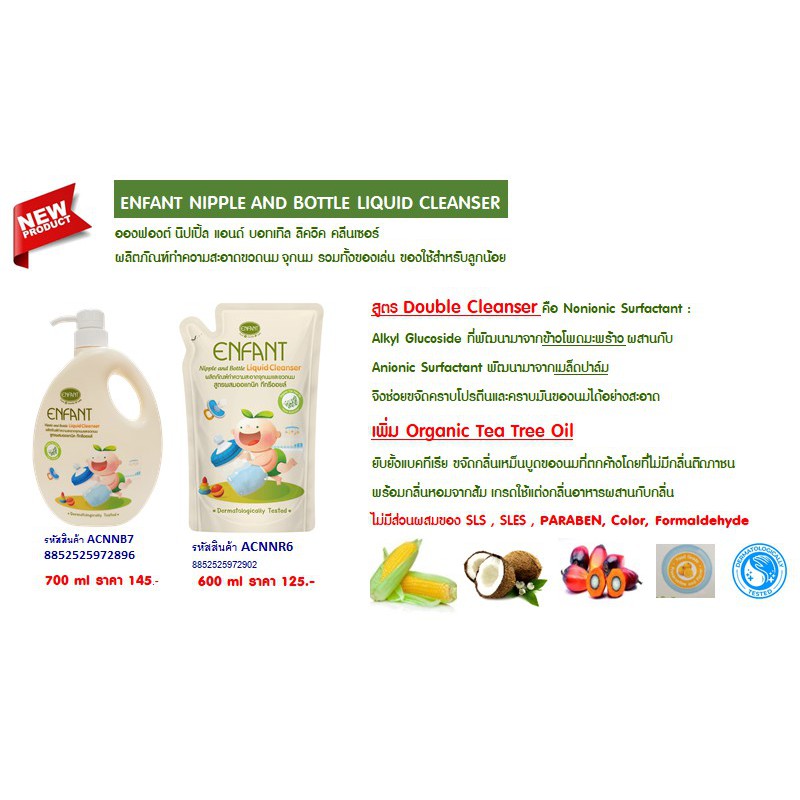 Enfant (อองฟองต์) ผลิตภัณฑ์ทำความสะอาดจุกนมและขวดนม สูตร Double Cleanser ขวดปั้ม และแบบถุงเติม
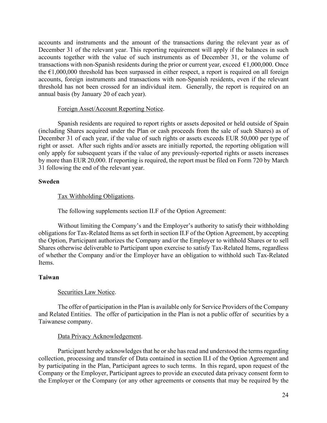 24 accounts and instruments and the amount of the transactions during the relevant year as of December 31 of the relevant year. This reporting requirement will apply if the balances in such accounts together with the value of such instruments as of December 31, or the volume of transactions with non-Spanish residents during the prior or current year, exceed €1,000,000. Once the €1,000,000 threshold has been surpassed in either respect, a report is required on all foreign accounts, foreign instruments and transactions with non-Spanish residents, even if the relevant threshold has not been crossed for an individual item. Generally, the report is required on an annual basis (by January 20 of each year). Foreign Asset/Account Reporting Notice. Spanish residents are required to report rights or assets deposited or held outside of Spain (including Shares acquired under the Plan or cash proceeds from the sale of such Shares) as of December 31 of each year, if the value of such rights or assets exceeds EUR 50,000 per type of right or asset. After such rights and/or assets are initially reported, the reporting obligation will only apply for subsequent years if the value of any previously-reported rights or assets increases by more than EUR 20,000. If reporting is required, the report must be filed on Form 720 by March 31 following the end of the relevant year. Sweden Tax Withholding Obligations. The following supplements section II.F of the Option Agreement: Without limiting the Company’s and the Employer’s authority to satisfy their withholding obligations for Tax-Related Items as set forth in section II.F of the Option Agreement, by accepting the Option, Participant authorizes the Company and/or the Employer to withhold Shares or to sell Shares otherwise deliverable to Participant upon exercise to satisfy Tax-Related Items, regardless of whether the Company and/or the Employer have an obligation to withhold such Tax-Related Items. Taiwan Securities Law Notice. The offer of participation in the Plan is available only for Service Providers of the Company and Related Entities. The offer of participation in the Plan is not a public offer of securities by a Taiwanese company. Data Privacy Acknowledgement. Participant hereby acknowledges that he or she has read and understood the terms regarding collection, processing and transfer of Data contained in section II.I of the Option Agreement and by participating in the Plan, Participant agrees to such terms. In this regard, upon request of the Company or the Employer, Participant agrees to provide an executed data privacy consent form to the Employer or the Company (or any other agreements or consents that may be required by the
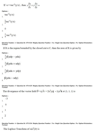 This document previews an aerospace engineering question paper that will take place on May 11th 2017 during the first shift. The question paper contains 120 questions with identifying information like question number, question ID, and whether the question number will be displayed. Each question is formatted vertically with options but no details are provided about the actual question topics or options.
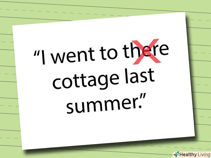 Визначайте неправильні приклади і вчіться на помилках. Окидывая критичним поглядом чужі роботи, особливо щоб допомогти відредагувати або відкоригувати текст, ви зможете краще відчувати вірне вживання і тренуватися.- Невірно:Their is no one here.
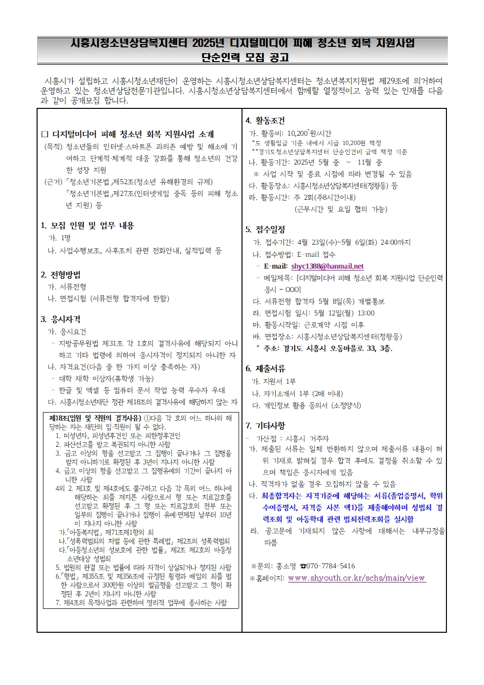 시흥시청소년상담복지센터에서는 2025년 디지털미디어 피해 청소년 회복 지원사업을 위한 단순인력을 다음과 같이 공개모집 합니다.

# # # # #

● **Try it**
Whenever you reach a picture, pass over it; print all the other material exactly.

● **Response for this exercise**
 Enfant (อองฟองต์) ผลิตภัณฑ์ทำความสะอาดจุกนมและขวดนม สูตร Double Cleanser ขวดปั้ม และแบบถุงเติม
 24 accounts and instruments and the amount of the transactions during the relevant year as of December 31 of the relevant year. This reporting requirement will apply if the balances in such accounts together with the value of such instruments as of December 31, or the volume of transactions with non-Spanish residents during the prior or current year, exceed €1,000,000. Once the €1,000,000 threshold has been surpassed in either respect, a report is required on all foreign accounts, foreign instruments and transactions with non-Spanish residents, even if the relevant threshold has not been crossed for an individual item. Generally, the report is required on an annual basis (by January 20 of each year). Foreign Asset/Account Reporting Notice. Spanish residents are required to report rights or assets deposited or held outside of Spain (including Shares acquired under the Plan or cash proceeds from the sale of such Shares) as of December 31 of each year, if the value of such rights or assets exceeds EUR 50,000 per type of right or asset. After such rights and/or assets are initially reported, the reporting obligation will only apply for subsequent years if the value of any previously-reported rights or assets increases by more than EUR 20,000. If reporting is required, the report must be filed on Form 720 by March 31 following the end of the relevant year. Sweden Tax Withholding Obligations. The following supplements section II.F of the Option Agreement: Without limiting the Company’s and the Employer’s authority to satisfy their withholding obligations for Tax-Related Items as set forth in section II.F of the Option Agreement, by accepting the Option, Participant authorizes the Company and/or the Employer to withhold Shares or to sell Shares otherwise deliverable to Participant upon exercise to satisfy Tax-Related Items, regardless of whether the Company and/or the Employer have an obligation to withhold such Tax-Related Items. Taiwan Securities Law Notice. The offer of participation in the Plan is available only for Service Providers of the Company and Related Entities. The offer of participation in the Plan is not a public offer of securities by a Taiwanese company. Data Privacy Acknowledgement. Participant hereby acknowledges that he or she has read and understood the terms regarding collection, processing and transfer of Data contained in section II.I of the Option Agreement and by participating in the Plan, Participant agrees to such terms. In this regard, upon request of the Company or the Employer, Participant agrees to provide an executed data privacy consent form to the Employer or the Company (or any other agreements or consents that may be required by the
 This document previews an aerospace engineering question paper that will take place on May 11th 2017 during the first shift. The question paper contains 120 questions with identifying information like question number, question ID, and whether the question number will be displayed. Each question is formatted vertically with options but no details are provided about the actual question topics or options.
 Визначайте неправильні приклади і вчіться на помилках. Окидывая критичним поглядом чужі роботи, особливо щоб допомогти відредагувати або відкоригувати текст, ви зможете краще відчувати вірне вживання і тренуватися.- Невірно:Their is no one here.
 시흥시청소년상담복지센터에서는 2025년 디지털미디어 피해 청소년 회복 지원사업을 위한 단순인력을 다음과 같이 공개모집 합니다.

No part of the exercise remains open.